As the UK and the EU figure out what the heck they are going to do, and the US hunkers down for the battle for the White House to heat up, we are dealing with an alarming increase in terror attacks around the world. All this has the market on edge and primed for a further correction this summer. After the snapback rally from the Brexit shock recedes and early-July seasonal bullishness dissipates, look for lower prices and a test of the 52-week lows over the next four months. Stay the course.
Pulse of the Market
Losses from last week’s surprising Brexit vote outcome have not been recovered yet. As a result, both the faster and slower moving MACD indicators (1) applied to DJIA remain negative. Since first closing above 18000 in December 2014, DJIA has failed to move meaningfully higher and hold onto gains and since last July DJIA has spent about the same amount of time below its 200-day moving average (solid red line) as it has above it (2). This key support level is approximately where DJIA bounced from earlier this week, but it would not be surprising to see it violated again sometime later this summer.

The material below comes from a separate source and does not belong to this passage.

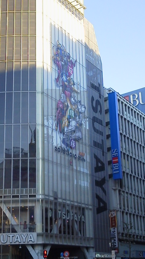 渋谷駅には「ハチ公改札」ってのがあるんですね。ハチ公像に近いその改札から出ると、正面に荒木先生の絵が輝くTSUTAYA。

Dow Jones Industrials & MACD Chart
Last Friday’s 610 DJIA point plunge (–3.4%) was the worst day of 2016 (3) and the worst loss since August 24, 2015. S&P 500 shed 3.6% on that day and was also its worst day of 2016. NASDAQ dropped 4.1% and you have to go all the way back to August 2011 to find a worse NASDAQ day.
Friday’s declines spilled over to Monday, triggering the fifth Down Friday/Down Monday of 2016 (4). No matter how these occurrences are analyzed, the result is ominous with DJIA frequently lower sometime during the next 90 calendar days. Sometimes the declines are nearly immediate while other time there will be a bounce first. DJIA’s streak of four straight down Friday’s (4) also confirms that traders and investors are reluctant to hold long positions over the weekend. This is either because summer is here and/or a lack of confidence in the market.
After three straight weeks of gains, S&P 500 (5) and NASDAQ (6) were down three consecutive weeks. As of today the market is on track to break this streak, but typical first-trading-day-of-July strength falling on the Friday before the long holiday weekend could be a catalyst for profit taking this year.
NYSE Weekly Advancers and Decliners (7) over the last three weeks confirm weakness, but have not reached the grossly lopsided values usually seen at or near major market bottoms. Because the lows from February and/or last August were not breached during the recent market retreat, NYSE Weekly New Highs and Lows (8) are also not at extremes. New index highs or lows would likely be needed to see any meaningful move in these metrics.
Weekly CBOE Put/Call (9) climbed to 0.74 last week from a 0.59 reading at the end of May. The steady trend higher is concerning as it would seem to indicate that traders do not believe the worst is over yet. This week’s reading is on a course lower which would be welcome.